__How to complete this task__
Copy, word for word, the lines below from the one containing "You are sure" up to and including the one containing "Co-Cr-Mo 합금의 연삭가공에서", with pictures left out.

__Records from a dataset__

****

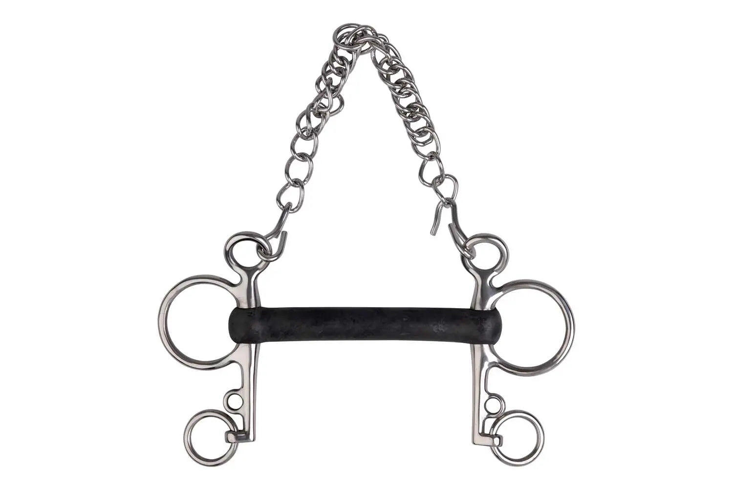In stainless steel, straight snaffle covered with soft rubber. Short branches.
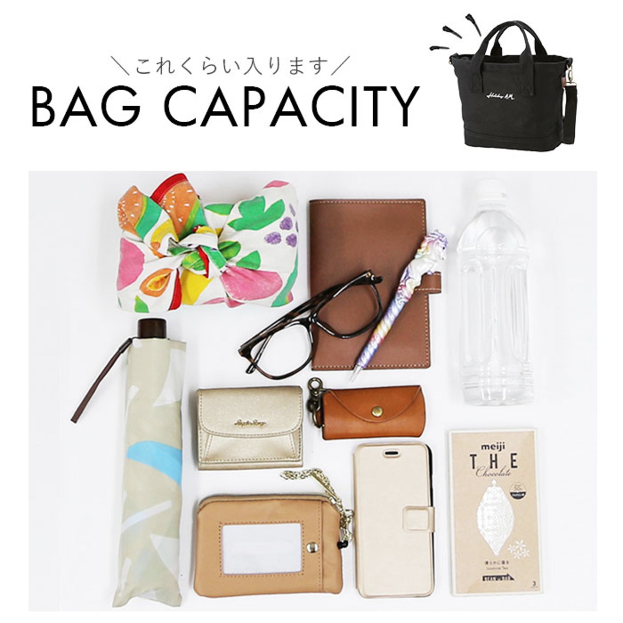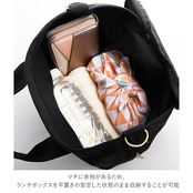 ・小ぶりな見た目ながら、深さもバッチリあり、ランチバッグとしてだけでなく、化粧ポーチや手帳など、身の回りの小物がしっかりと収納できる使い勝手のいいサイズ。
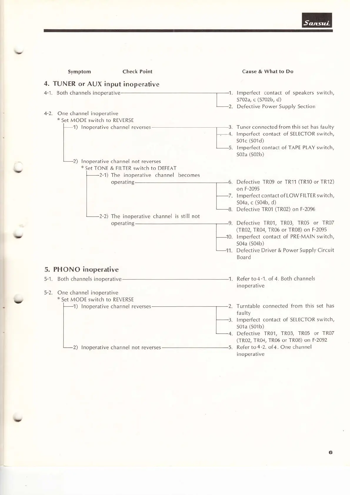 Sansui AU-7700 - TUNER AND AUX INPUT TROUBLESHOOTING; Both Channels Inoperative (Tuner;AUX); One Channel Inoperative (Tuner;AUX); PHONO INPUT TROUBLESHOOTING
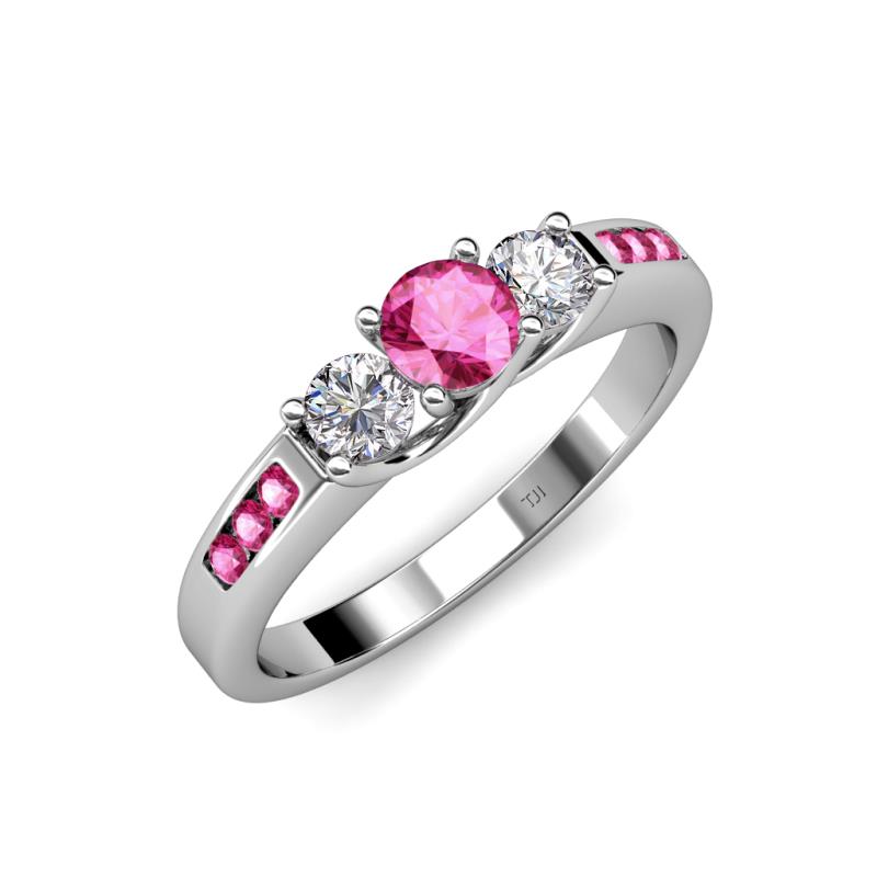 You are sure to find the right one with this 0.81 ctw Three Stone Engagement Ring which holds Side Diamond complemented with Pink Sapphire with an interwoven design to express your eternal bond.
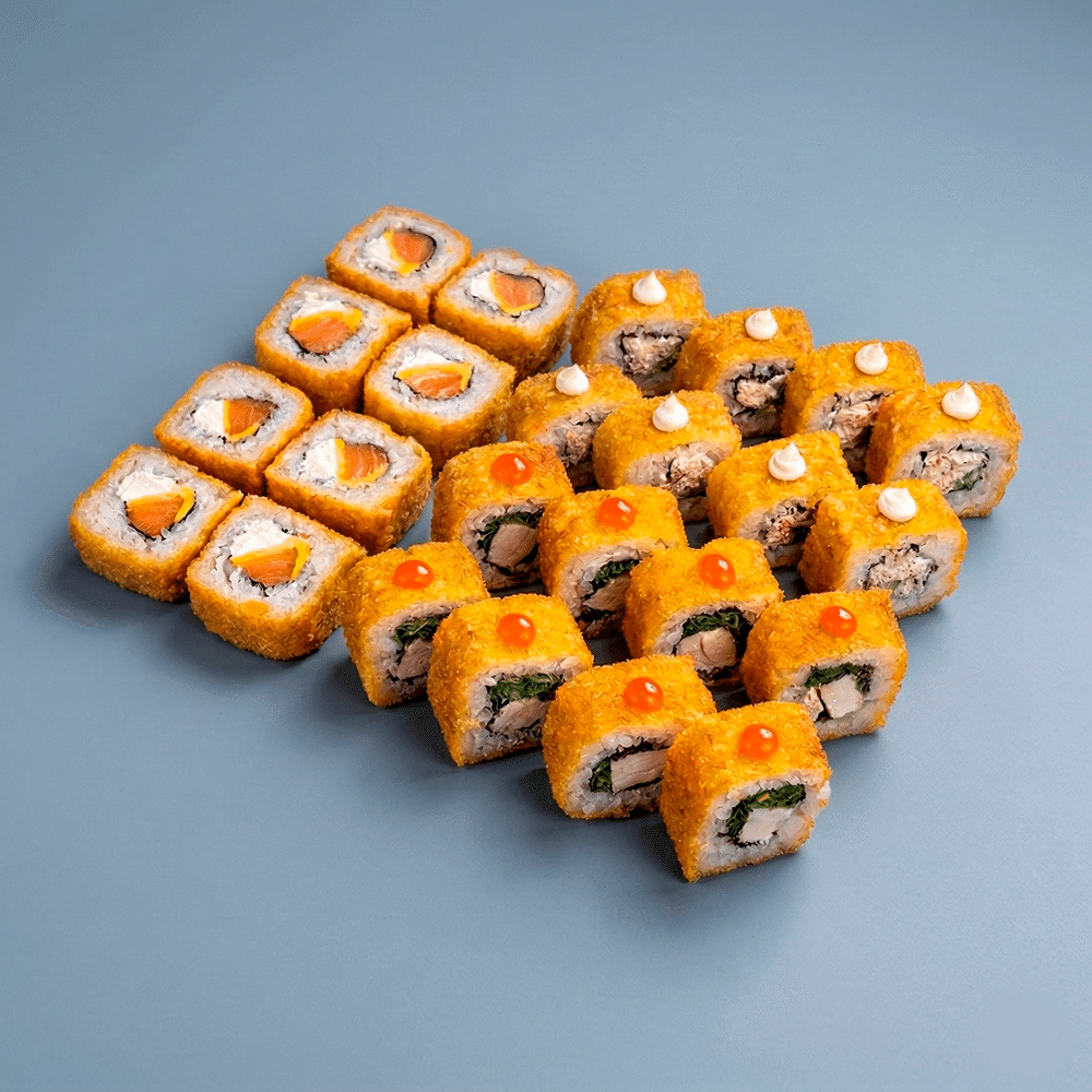 Дубль чиз 8 шт, Тори темпура 8 шт, Кани темпура 8 шт.
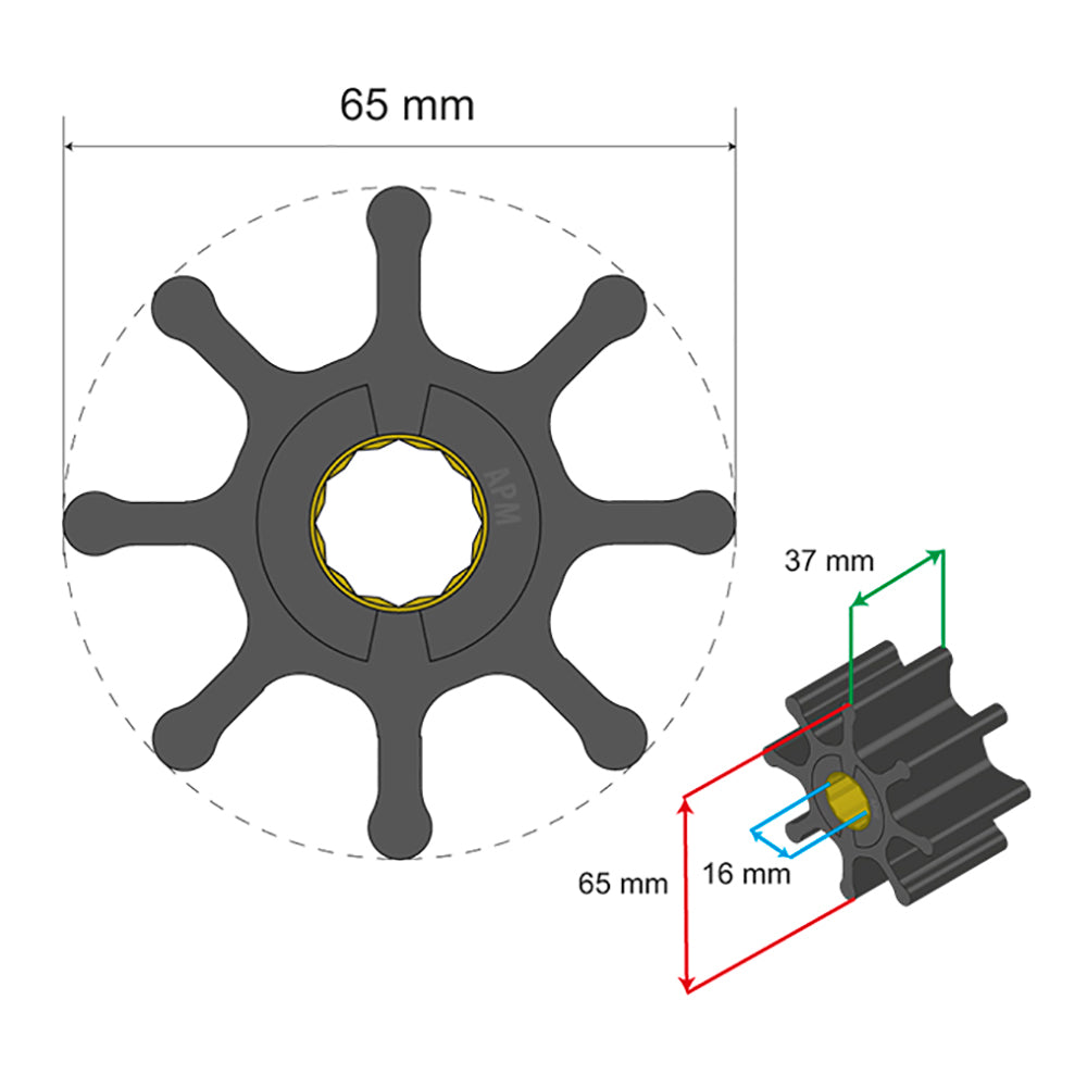 Premium Impeller Kit 65 x 16 x 37mm - 8 Blade - Spline Insert
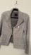 This sophisticated gray blazer features a tailored fit and a textured fabric with a subtle sequin and geometric design. Lined.  Gray silver color.   Silver tone clasp hook in the middle.   The notched lapels add a classic touch, making it a versatile choice for various occasions.
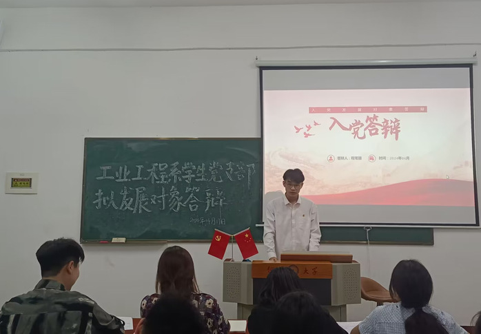 为深入学习贯彻习近平新时代中国特色社会主义思想和党的二十大精神,培养优秀的社会主义事业建设者和接班人,不断为党输送新鲜血液,确保党员发展质量,工业工程系学生党支部秉承公平、公正、公开的原则,于2024417日在祥贤楼101召开2024年上半年拟发展对象答辩会议。
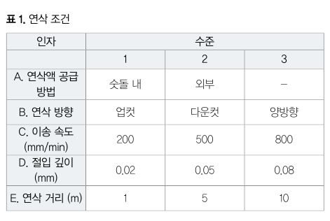 Co-Cr-Mo 합금의 연삭가공에서 연삭 특성에 영향을 미치는 요인을 조사하기 위해 L18 직교표를 이용해 연삭실험을 했다. 표에 각 인자와 수준을 나타냈다. 연삭액 공급 방법, 연삭 방향, 이송 속도, 절입 깊이, 연삭 거리의 5가지를 인자로 해 각각 수준을 정했다.
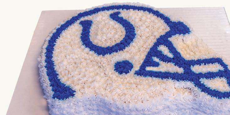 *The trademarks “Colts,” “Indianapolis Colts,” and the Colts’ horseshoe logos are the property of Indianapolis Colts, Inc. Taylor’s Bakery has obtained permission and is authorized for the creation of cakes featuring the horseshoe and helmet shapes resembling the Colts’ logos. *Consent is required and must be granted in advance for Colts logo to be used in written form or printed as an edible image.

****

__Response__
 You are sure to find the right one with this 0.81 ctw Three Stone Engagement Ring which holds Side Diamond complemented with Pink Sapphire with an interwoven design to express your eternal bond.
 Дубль чиз 8 шт, Тори темпура 8 шт, Кани темпура 8 шт.
 Premium Impeller Kit 65 x 16 x 37mm - 8 Blade - Spline Insert
 This sophisticated gray blazer features a tailored fit and a textured fabric with a subtle sequin and geometric design. Lined.  Gray silver color.   Silver tone clasp hook in the middle.   The notched lapels add a classic touch, making it a versatile choice for various occasions.
 为深入学习贯彻习近平新时代中国特色社会主义思想和党的二十大精神,培养优秀的社会主义事业建设者和接班人,不断为党输送新鲜血液,确保党员发展质量,工业工程系学生党支部秉承公平、公正、公开的原则,于2024417日在祥贤楼101召开2024年上半年拟发展对象答辩会议。
 Co-Cr-Mo 합금의 연삭가공에서 연삭 특성에 영향을 미치는 요인을 조사하기 위해 L18 직교표를 이용해 연삭실험을 했다. 표에 각 인자와 수준을 나타냈다. 연삭액 공급 방법, 연삭 방향, 이송 속도, 절입 깊이, 연삭 거리의 5가지를 인자로 해 각각 수준을 정했다.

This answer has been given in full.